There are many ways to tell a story. We all have varying perspectives and world views. The Truth (La vérité) is a film that explores this notion in a smart and philosophical way. The result is a slow and gentle look at some complex human emotions.

This film is written and directed by Hirokazu Koreeda (Shoplifters). This dramedy is his foreign language debut yet the proceedings feel like they have a quaint, European sensibility. The Truth often seems like it is an onion insofar as it has many different layers and textures, especially as this family melodrama draws on the theme of subjectivity.

Catherine Deneuve steals the show here even though her role is hardly a stretch from real life. As Fabienne Dangeville, she plays a legendary actress who is deeply absorbed in her own mythology. She pens an autobiography but in doing so eschews the “naked” truth and instead, settles on a rose-tinted version of events. No surprises, this places strains on relationships that were already somewhat tortured.

The biggest case in point is Dangeville’s daughter, Lumir (played by the delightful, Juliette Binoche). Lumir is herself a mother working in films as a screenwriter. She brings her family, including her husband (Ethan Hawke) to France to celebrate the release of Dangeville’s memoir. But the reunion is a rather stormy one.

In addition to dramas of the familial kind, Dangeville is a diva starring in a science fiction film. It’s a case of life imitating art or if we want to get meta, a movie in a movie. These scenarios provide some ripe opportunities for Dangeville to offer salty one-liners. There are also many battles of wits between Dangeville and Lumir. It’s entertaining but hardly ground-breaking.

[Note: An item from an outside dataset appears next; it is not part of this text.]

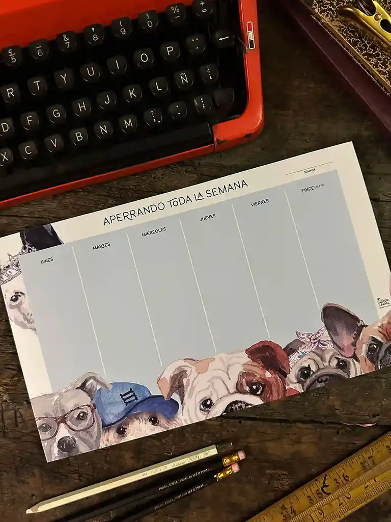 Planificador Semanal. Formato 31x18.5 cm. 55 hojas por taco Papel Blanco 140g. Base cartón madera gris 1.2mm

The Truth is not Koreeda’s best film but it does offer audiences some great pause for thought. This handsome flick has an understated charm and some strong female characters. This is ultimately an interesting look at emotions, family dynamics and forgiveness. And as it’s the festive season, this is a well-timed look at the sorts of things that make up families, for better and worse.

 

REVIEW SCORE: THREE & A HALF STARS (OUT OF FIVE).

The Truth is out now in cinemas.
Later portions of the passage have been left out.